January 22nd, 2009
AGBT 2009 will be starting in about two weeks in Marco Island, FL. The 10th annual AGBT meeting looks like it is going to be very impressive. With all of the advances in sequencing and genomics over the last year and the announcement of future platform updates, there should be a lot to take in. I will be speaking at this years meeting so, if you are attending, please consider coming to give a listen. My talk will be Thursday evening, 5 Feb 2009, in the Bioinformatics session chaired by Deanna Church. Here is the abstract of my talk.
Massively parallel sequencing platforms are generating sequence data at a rate that is rapidly overwhelming the informatics community’s analysis throughput. From large projects like 1000 Genomes to individual investigator labs with a single next-generation sequencing instrument, bioinformaticians are being bombarded with unprecedented amounts of data. To begin to address this issue, much recent bioinformatics research has focused on developing faster algorithms for alignment, assembly, annotation, etc., resulting in a proliferation of analysis tools. However, faster algorithms for traditional analyses are only one aspect of the recent bioinformatics explosion. The richness of data now available to bioinformaticians allows investigators to ask new types of questions requiring new algorithms and new approaches, e.g., in the fields of medical and population genomics. The data and tools explosion has created a dichotomy for the bioinformatician: perform high-throughput analysis on large volumes of samples while evaluating many different tools and analysis workflows. High-throughput pipelines are linear and static and require detailed tracking. Evaluating tools and comparing results from different workflows are non-linear and ever-changing (especially in the current environment of rapidly evolving sequencing technologies and analysis tools) and typically involve many false starts that are not tracked. To reconcile these contrasting requirements, we have developed a software framework for genome analysis that combines ease-of-use, detailed tracking and reporting, flexible chaining of tools to define workflows, results comparison, and scalability. The design of this framework heavily leverages the lessons we have learned in developing a laboratory information management system for high-throughput genome sequencing in an environment implementing continual process improvements. The result is a next-generation informatics framework that will allow bioinformatics tools and workflows to be part of the experimental design of sequencing projects.

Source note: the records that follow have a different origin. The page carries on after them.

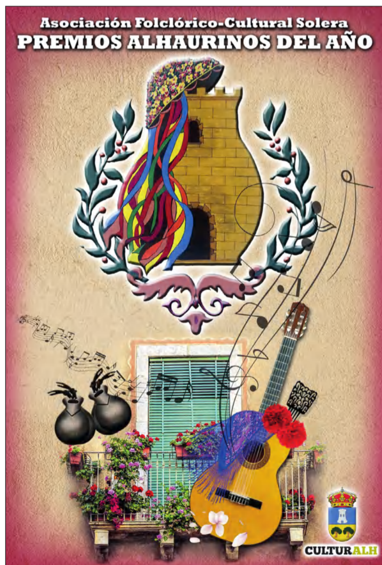
Cartel de los Premios Alhaurinos del Año.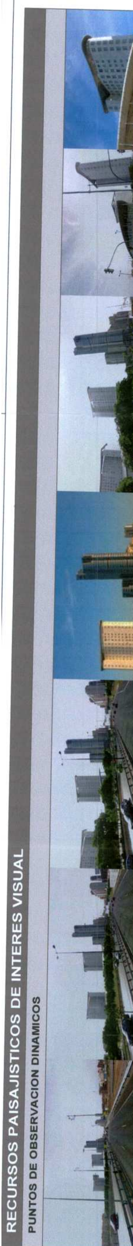
Secuencia CV-59 sentido Ademuz Secuencia CV-59 sentido Ademuz Carretera Vello de Godella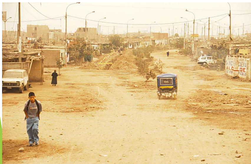
AV. RIVA AGUERO

Sounds exciting, eh? Looking at the other talks in the session, it seems I should not delve too much into the coding details and focus more on the motivation and high-level concepts used in our system.
Several other people from The Genome Center will also be attending and presenting. Our Director, Rick Wilson, will be giving a keynote address on Saturday. Co-Director Elaine Mardis will chair the always interesting New Genomic Frontiers plenary session (don’t make the mistake of booking that early flight, you’ll miss the best stuff). Todd Wylie and Jon Armstrong from our Technology Development group will be giving talks on miRNA characterization and capture techniques, respectively. Also, be sure to check out Dan Koboldt’s blog post giving a sneak preview of the poster he will be presenting about the performance of various short-read aligners.